Г. Г. — Этого я не знаю.
— Еще вы как‑то назвали писательство своего рода болезнью. Можно добавить — благородной болезнью. Украшает или усложняет эта болезнь вашу жизнь?
Г. Г. — Я счастлив, когда работаю над книгой, которая удается. И я несчастлив, когда не пишу или когда книга не удается.
— Умеете ли вы «жить, чтобы жить», просто радоваться жизни или всегда относитесь к ней как к материалу для будущего романа?
Г. Г. — Нет, нет, я не занимаюсь постоянным сбором материала.
— Ваши книги пронизывает озабоченность несовершенством современного мира. Чрезвычайно важная вещь для вас и ваших героев — сострадание…
Г. Г. — Да, и разница между состраданием и жалостью. Потому что в жалости есть оттенок превосходства одного над другим. А сострадание — чувство, объединяющее равных.
— Своеобразие вашей писательской манеры нередко обусловлено сплавом несоединимых, казалось бы, элементов — таких, как комическое и трагическое.
Г. Г. — Больше всего я люблю в драматургии сочетание фарса и трагедии. Мне кажется, именно фарс, а не комедия, хорошо сочетается с трагедией.
— Но такое у вас встречается и в прозе — скажем, в романе «Наш человек в Гаване», где фарс служит увеличительным стеклом, помогающим лучше разглядеть некоторые трагические аспекты жизни.
Г. Г. — Да, вы правы.
— Одна из ваших ранних книг озаглавлена «Это поле боя…».
Г. Г. — По — моему, первая приличная книга…
— Так вот, трагедия там заключается в том, что каждый видит лишь часть поля боя, а не целиком. Ваши романы в совокупности позволяют как раз увидеть все «поле боя» — то есть наш меняющийся мир. Преследовали ли вы такую цель — помочь его увидеть?
Г. Г. — Не знаю, право, было ли это моей целью. Возможно, такое желание и проступает в моих книгах. Но, как я уже сказал, чрезвычайно трудно анализировать собственное творчество. Гораздо легче судить о других.
— Ваши книги очень разные.

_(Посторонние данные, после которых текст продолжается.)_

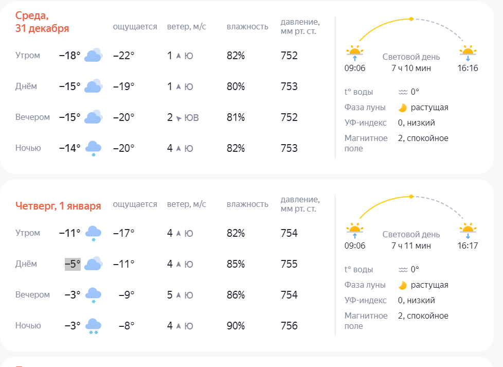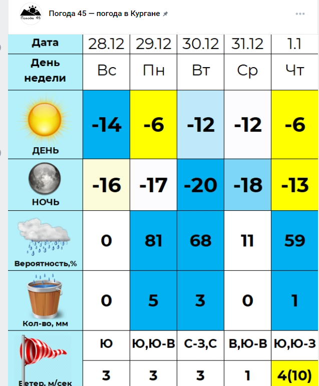Проект «Погода 45» указывает на 31 декабря дневную температуру -12°, а на 1 января -6°.

Но вместе с тем есть между ними глубокая внутренняя связь, их объединяет общая атмосфера, в первую очередь нравственная — она‑то и дает основание говорить о существовании «Гринландии».
Г. Г. — Да, но часто это слово толкуют превратно.

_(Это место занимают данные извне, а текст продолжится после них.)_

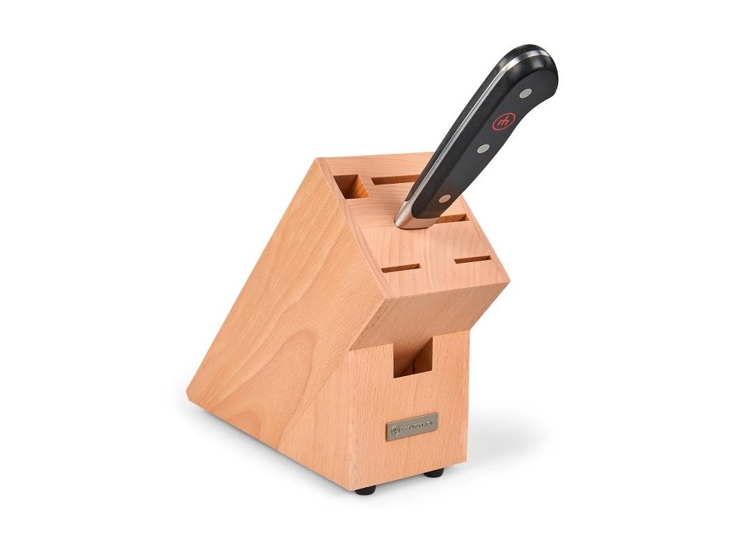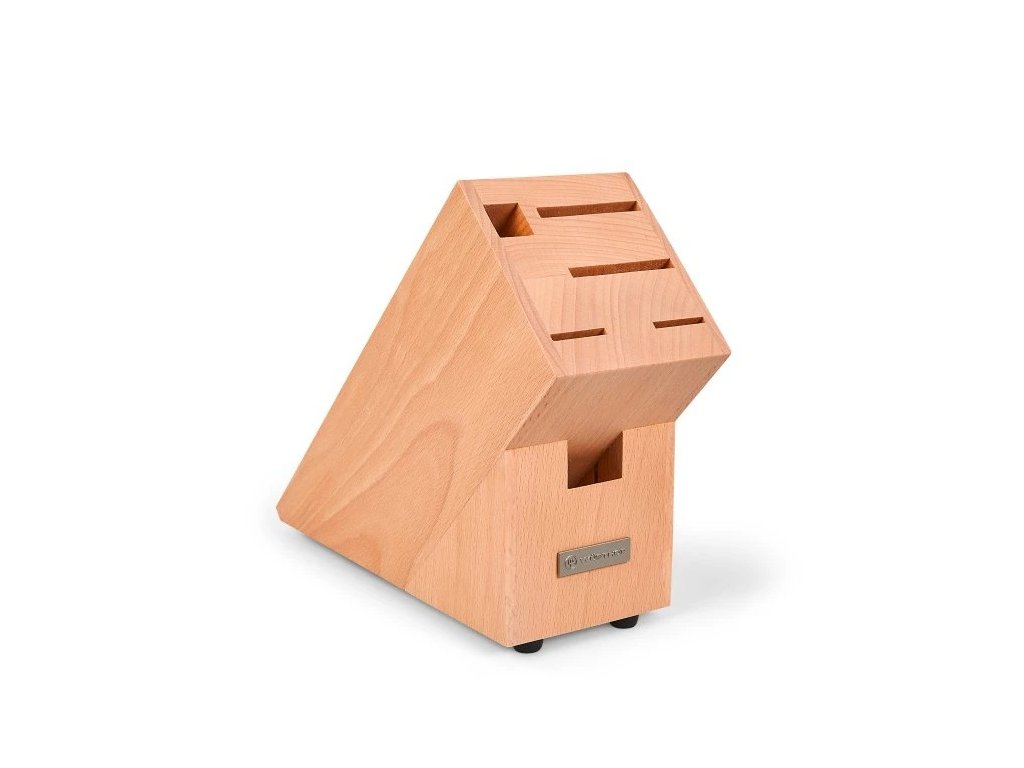 - Blok z bukového dřeva pojme 4 nože, ocílku a kuchyňské nůžky

— В послесловии к «Тихому американцу» я написал, что хотя вы избегаете «посланий» в своих книгах, тем не менее доказываете в них ряд важных этических теорем. И одна из самых важных, на мой взгляд, вложена в уста коммуниста Хена в вашем «вьетнамском» романе: «Рано или поздно человеку приходится встать на чью‑нибудь сторону. Если он хочет остаться человеком».
Г. Г. — Это оправдание для меня. Но дело в том, что человек часто не знает, когда ему придется делать свой выбор, вставать на чью‑либо сторону.